Commenting on the US Fed’s latest policy decision, Olivier Konzeoue, FX Sales Trader at Saxo Markets, said: “A cautious Fed decided to keep rates near zero and to maintain the pace of its monthly assets purchase at $120Bn but upgraded its economic outlook resulting in a change in the dot plot with seven out of 18 fed officials seeing a rate hike in 2023. The FOMC highlighted a rapid but uneven economic recovery, whilst the Fed core inflation forecasts reveal a drop in 2022 which could be attributed to the potential permanent destruction of jobs caused by a large amount of companies forced to adapt and increase productivity to survive the pandemic.
“The Fed therefore deems it important to maintain accommodative financial conditions and is happy to see inflation run hot for some time in order to return to full employment by 2023. A sigh of relief for US Equities instantly paring some of their earlier losses with S&P trading flat and Nasdaq back to -0.3% from -1.5% on the day whilst Dow jumped 150 points. USD retreated across the board with US short end rates lower and US 10y Yields at 1.63% from 1.66%, EUR led the charge back up to 1.1974 whilst AUD is back to flirting with 0.78 and cable back to 1.3950 area.”
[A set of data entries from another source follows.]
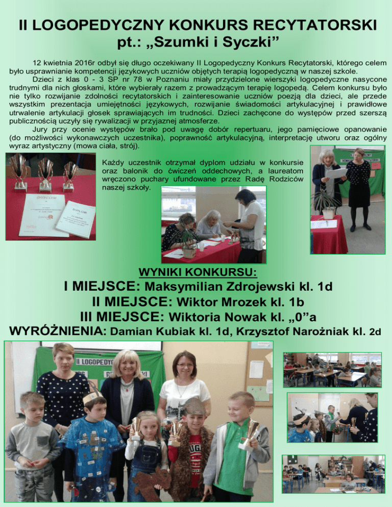 II LOGOPEDYCZNY KONKURS RECYTATORSKI pt.: „Szumki i Syczki” 12 kwietnia 2016r odbył się długo oczekiwany II Logopedyczny Konkurs Recytatorski, którego celem było usprawnianie kompetencji językowych uczniów objętych terapią logopedyczną w naszej szkole. Dzieci z klas 0 - 3 SP nr 78 w Poznaniu miały przydzielone wierszyki logopedyczne nasycone trudnymi dla nich głoskami, które wybierały razem z prowadzącym terapię logopedą. Celem konkursu było nie tylko rozwijanie zdolności recytatorskich i zainteresowanie uczniów poezją dla dzieci, ale przede wszystkim prezentacja umiejętności językowych, rozwijanie świadomości artykulacyjnej i prawidłowe utrwalenie artykulacji głosek sprawiających im trudności. Dzieci zachęcone do występów przed szerszą publicznością uczyły się rywalizacji w przyjaznej atmosferze. Jury przy ocenie występów brało pod uwagę dobór repertuaru, jego pamięciowe opanowanie (do możliwości wykonawczych uczestnika), poprawność artykulacyjną, interpretację utworu oraz ogólny wyraz artystyczny (mowa ciała, strój). Każdy uczestnik otrzymał dyplom udziału w konkursie oraz balonik do ćwiczeń oddechowych, a laureatom wręczono puchary ufundowane przez Radę Rodziców naszej szkoły. WYNIKI KONKURSU: I MIEJSCE: Maksymilian Zdrojewski kl. 1d II MIEJSCE: Wiktor Mrozek kl. 1b III MIEJSCE: Wiktoria Nowak kl. „0”a WYRÓŻNIENIA: Damian Kubiak kl. 1d, Krzysztof Narożniak kl. 2d ORGANIZATORZY KONKURSU: Anna Szczepaniak Małgorzata Pogorzelska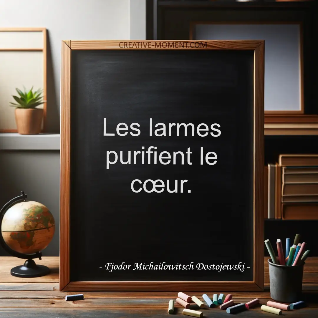 Les larmes purifient le cœur. Cette célèbre citation provient de l’écrivain russe Fiodor Dostoïevski et illustre clairement l'effet purificateur du chagrin émotionnel. Elle symbolise comment les larmes peuvent soulager et clarifier intérieurement.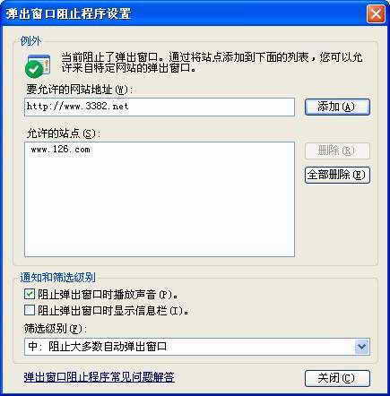 提示:点击信息栏之后选择“设置→更多设置”命令激活弹出窗口阻止程序设置窗口,在此可以事先手工输入允许弹出窗口的网站地址(图5),从而减少后期设置的麻烦。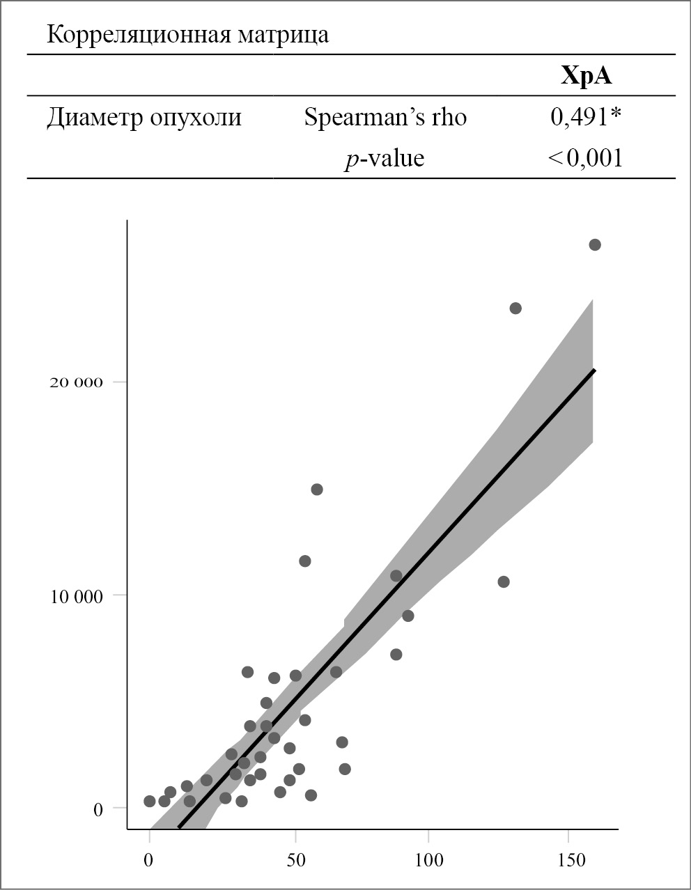 Рис. 5. Корреляция между размером опухоли и уровнем ХрА в во 2 и 3-й группах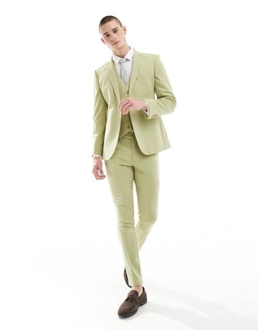 ASOS DESIGN Wedding - Coordinato skinny in misto lana color oliva con intreccio a cesto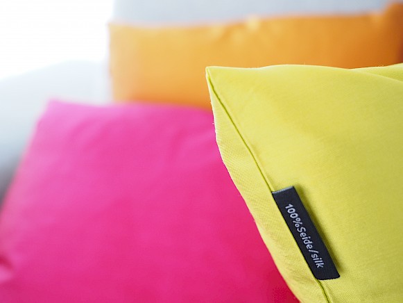 Ein Meer von Farben findest du derzeit in unseren Shops, denn unsere Seidenkissen aus den besten Seidenwebereien in Indien sind eingetroffen. Wusstest du schon? Seide wird aus dem Kokon der Seidenraupe gewonnen und ist eine textile Endlos-Faser, die hauptsächlich aus Protein besteht. Zu den besonderen Eigenschaften der Seide zählen der schöne Schimmer und Glanz, sowie die gute Isolierfähigkeit im Winter und der kühlende Effekt im Sommer.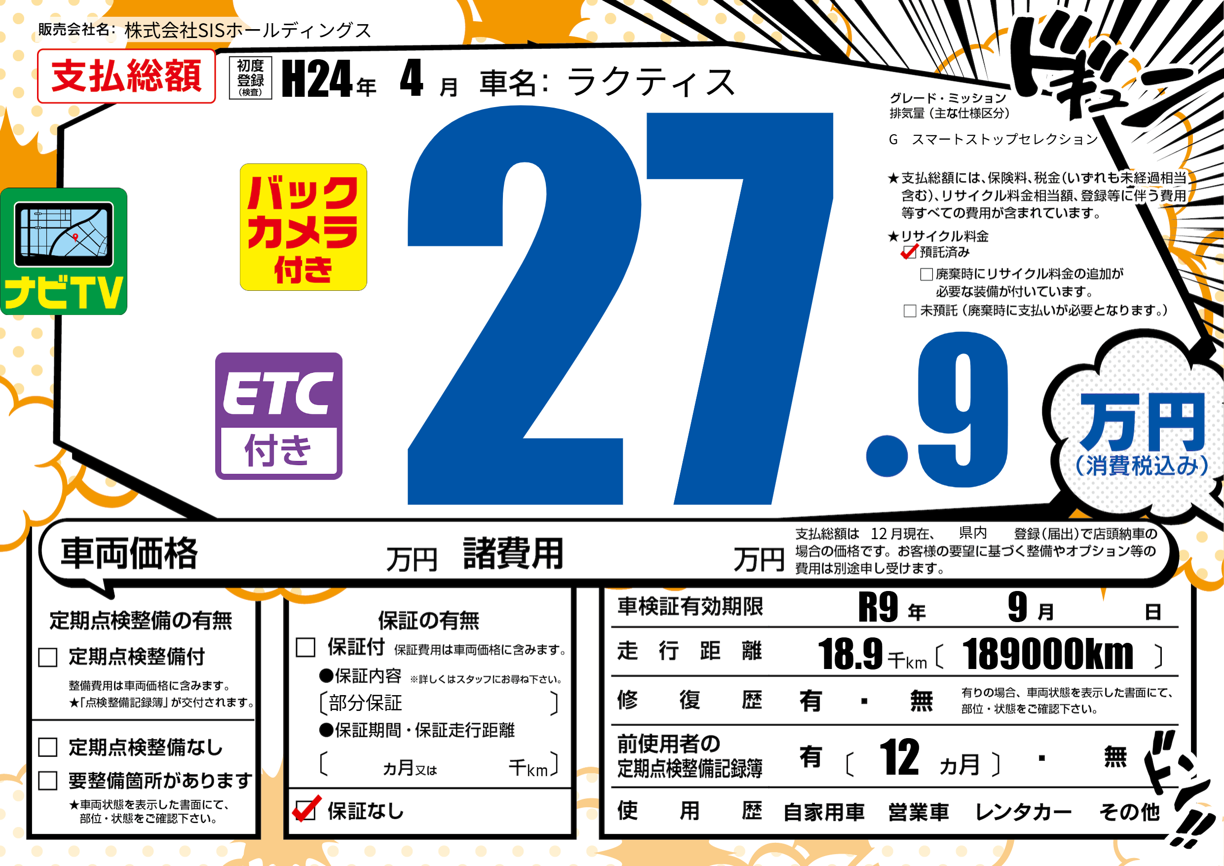 | 車名 | ラクティス | グレード ミッション 排気量 |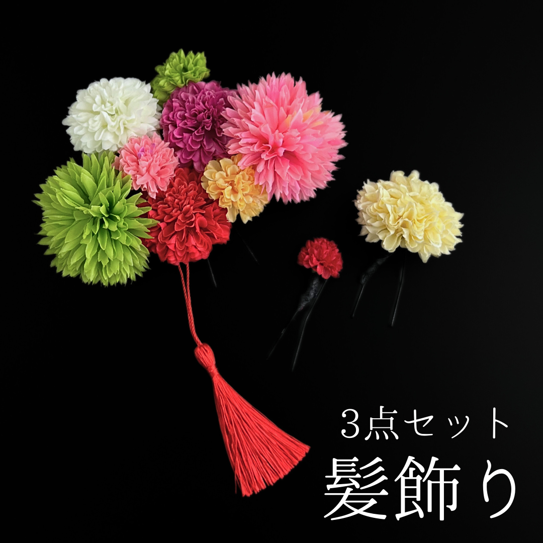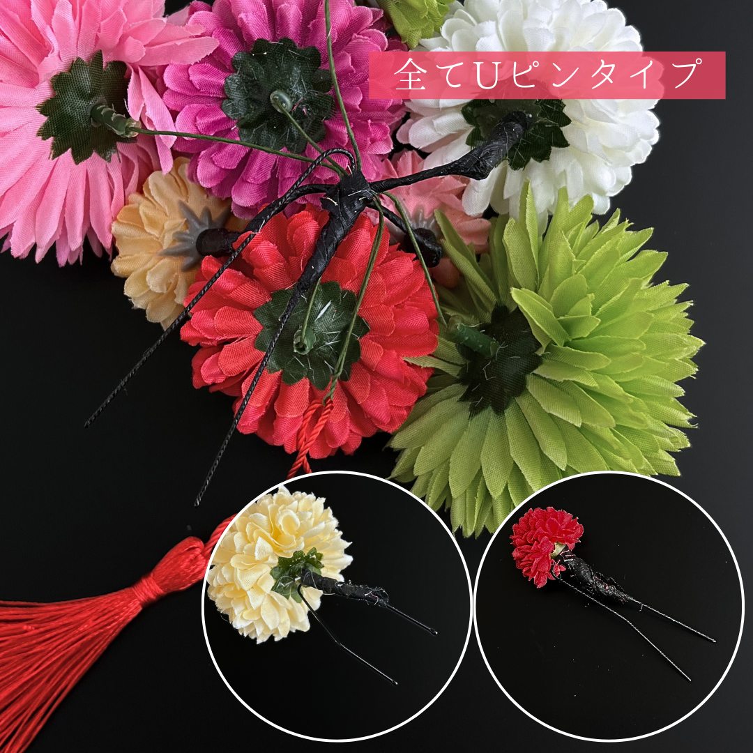 菊とピンポンマムをたくさん合わせたブーケのような髪飾り!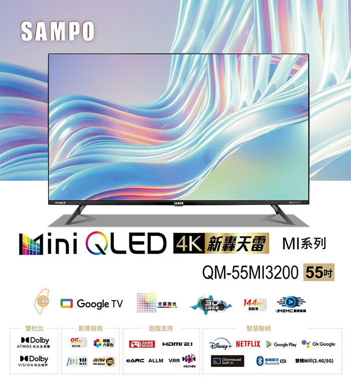 SAMPO 聲寶 55型【4K MINI QLED】聯網新轟天雷液晶顯示器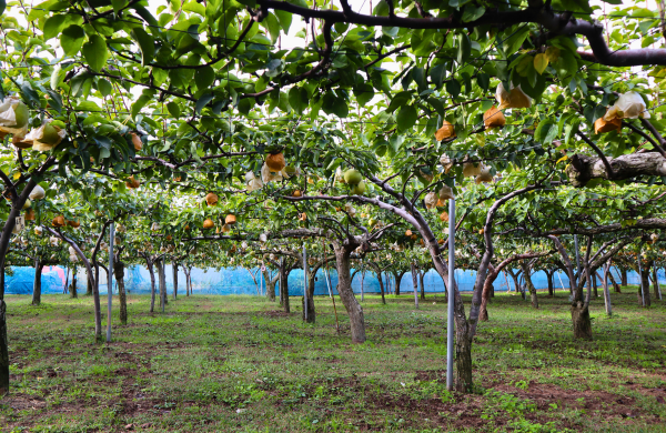 秋田県潟上市天王大崎地区に位置する7474園では、代々続けて和梨・洋梨と数多くの梨を栽培しています。特に、かおり梨の栽培ではこの地区最大の果樹園です。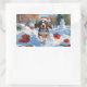 Bluetick Coonhound Running in Snow with Christmas Rectangular Sticker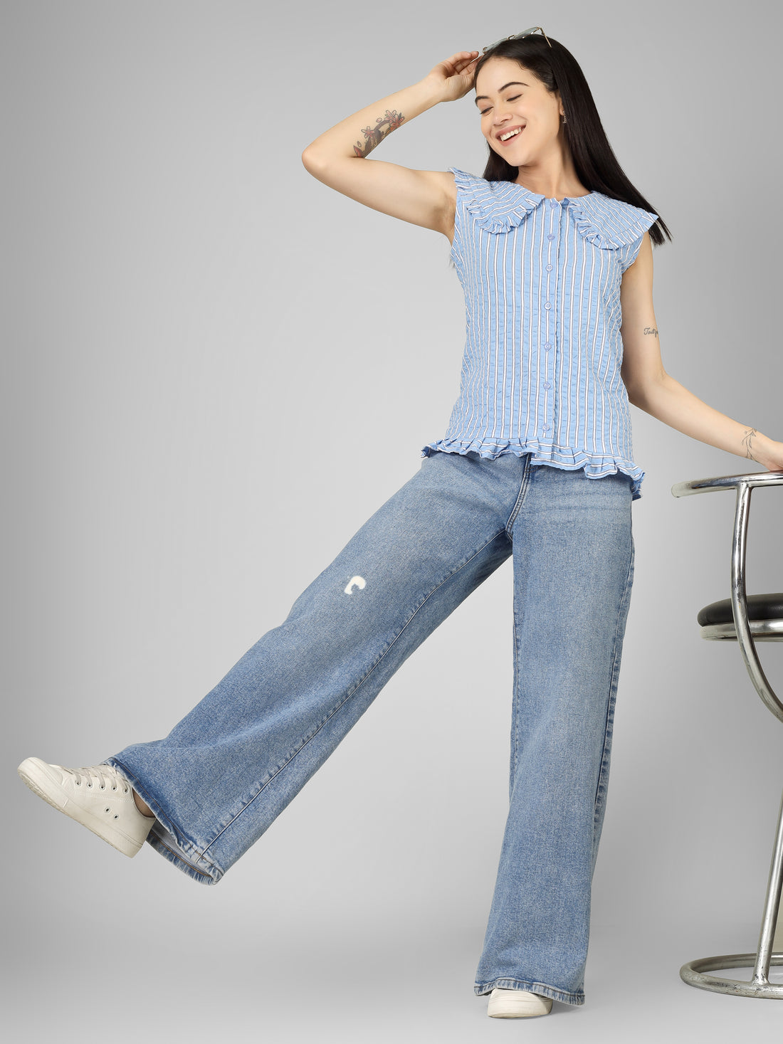 Product DescriptionStatement blue top with peterpan collar, frill detail at hem and a regular cute...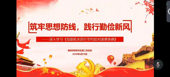 研究生第三党支部书记宋冰蕾带领各位党员同志深入学习了《党政机关厉行节约反对浪费条例》,深入解读了核心内容并进行典型案例警示教育,以严实作风发挥先锋模范作用,为建设节约型校园和社会贡献力量!

Commenting on the ECB’s bond purchasing program, Rupert Thompson, Chief Investment Officer at Kingswood, said: “The European Central Bank plans to step up the pace of its bond purchases over coming months in an attempt to prevent a tightening of financing conditions on the back of the recent rise in government bond yields. The move didn’t require the ECB expanding the size of its €1.85trn quantitative easing program as this runs until next March and already gives it scope to purchase another €1trn of bonds. The action occurs against the backdrop of the disappointingly slow vaccine roll-out, which is delaying the economic recovery in the Eurozone, and also the fiscal stimulus in the region being considerably smaller than that now underway in the US.”